Ausnahmen: Verantwortlichkeit des Gläubigers

Hat der Gläubiger die Unmöglichkeit der Leistung selbst zu vertreten oder ist die Unmöglichkeit eingetreten, als er sich in Annahmeverzug befand, behält der Schuldner gemäß § 326 Abs. 2 BGB seinen Anspruch auf die Gegenleistung. Allerdings muss er sich anrechnen lassen, was er durch die Befreiung von der Leistungspflicht erspart oder anderweitig erworben hat (§ 326 Abs. 2 S. 2 BGB).

Häufige Fragen — Minderung bei Unmöglichkeit § 326 BGB Rechner 2026

Was regelt § 326 BGB?

§ 326 BGB regelt den Wegfall der Gegenleistungspflicht bei Unmöglichkeit der Leistung. Wenn der Schuldner nach § 275 BGB von der Leistungspflicht befreit ist (Unmöglichkeit), entfällt auch der Anspruch auf die Gegenleistung. Hat der Gläubiger bereits gezahlt, kann er das Gezahlte nach § 326 Abs. 4 BGB zurückfordern.

Wann liegt eine teilweise Unmöglichkeit vor?

Eine teilweise Unmöglichkeit liegt vor, wenn nur ein Teil der geschuldeten Leistung unmöglich ist. In diesem Fall entfällt die Gegenleistungspflicht nach § 326 Abs. 1 S. 1 BGB nur anteilig. Der Gläubiger kann den verbleibenden Teil der Leistung annehmen und muss dann nur den entsprechend geminderten Kaufpreis zahlen.

Wie berechnet sich der Minderungsbetrag?

Der Minderungsbetrag ergibt sich aus dem prozentualen Anteil der unmöglichen Leistung am Gesamtumfang multipliziert mit dem Gesamtkaufpreis. Ist beispielsweise 30 % der Leistung unmöglich und der Kaufpreis beträgt 10.000 €, reduziert sich der Kaufpreis um 3.000 € auf 7.000 €.

Kann der Gläubiger bei teilweiser Unmöglichkeit auch ganz zurücktreten?

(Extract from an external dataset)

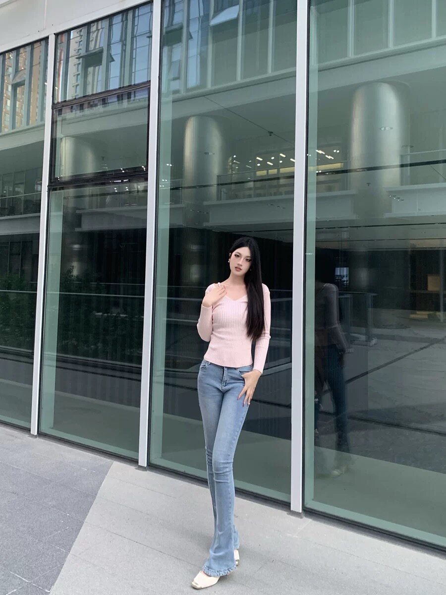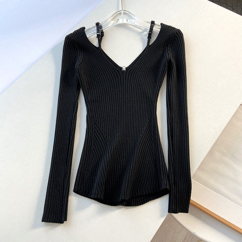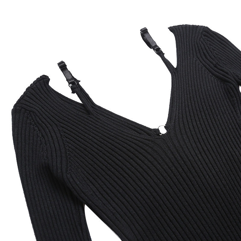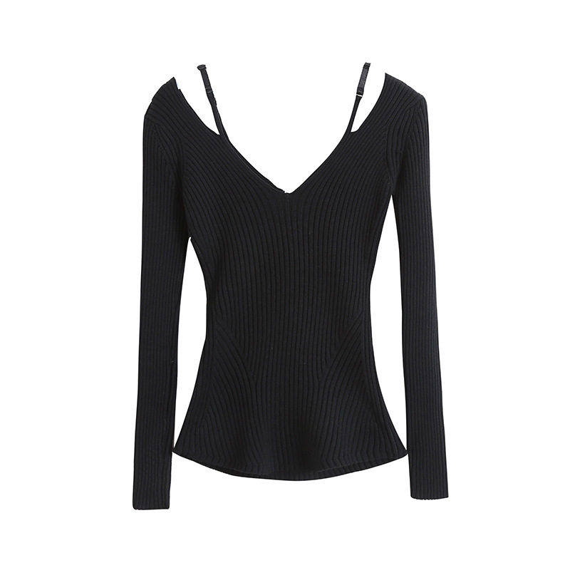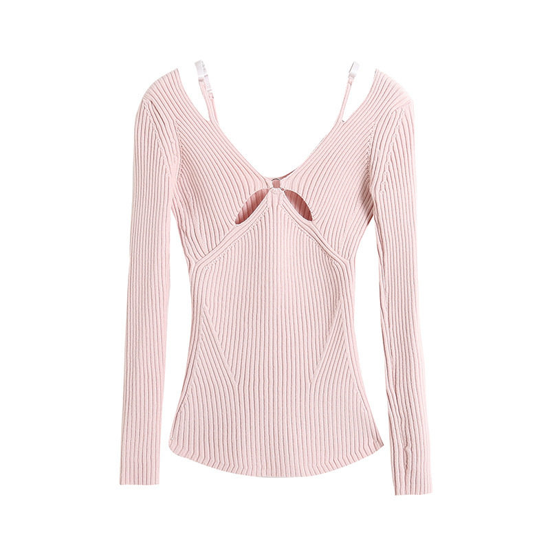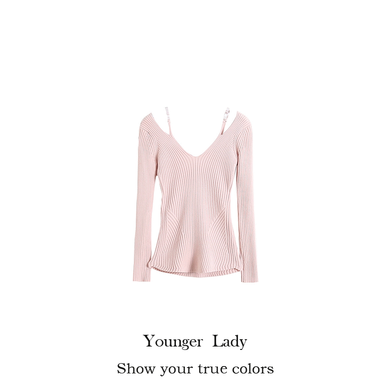 Практическая комната младшей леди Пей Сюжхи То же самое чистое желание Deep V Hollow, показывая тонкие поддельные два выключенных свитера
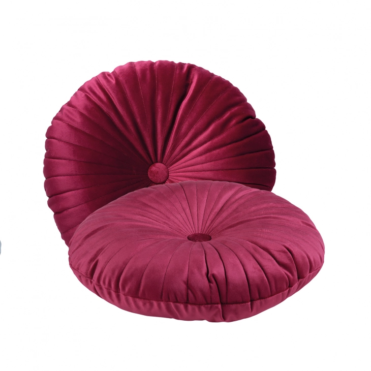 Διακοσμητικό στρογγυλό μαξιλάρι με κουμπί. Tο ύφασμα είναι από 100% polyester, έχει βελούδινη υφή, είναι υποαλλεργικό και πολύ ανθεκτικό στη χρήση. Διατίθεται σε διάσταση φ.38εκ. Das home...makes your house a home!

Ja, nach § 326 Abs. 5 BGB kann der Gläubiger vom ganzen Vertrag zurücktreten, wenn er an der Teilleistung kein Interesse hat. Das erfordert, dass die Teilleistung für den Gläubiger wirtschaftlich wertlos ist, weil er sie ohne den Rest nicht sinnvoll verwenden kann. In diesem Fall gelten die allgemeinen Rücktrittsvorschriften.

Was gilt wenn der Gläubiger die Unmöglichkeit zu vertreten hat?

Hat der Gläubiger selbst die Unmöglichkeit der Leistung zu vertreten oder war die Unmöglichkeit bereits eingetreten, als er in Annahmeverzug kam, behält der Schuldner nach § 326 Abs. 2 BGB seinen Anspruch auf die Gegenleistung. Allerdings muss er sich anrechnen lassen, was er infolge der Befreiung von der Leistungspflicht erspart hat.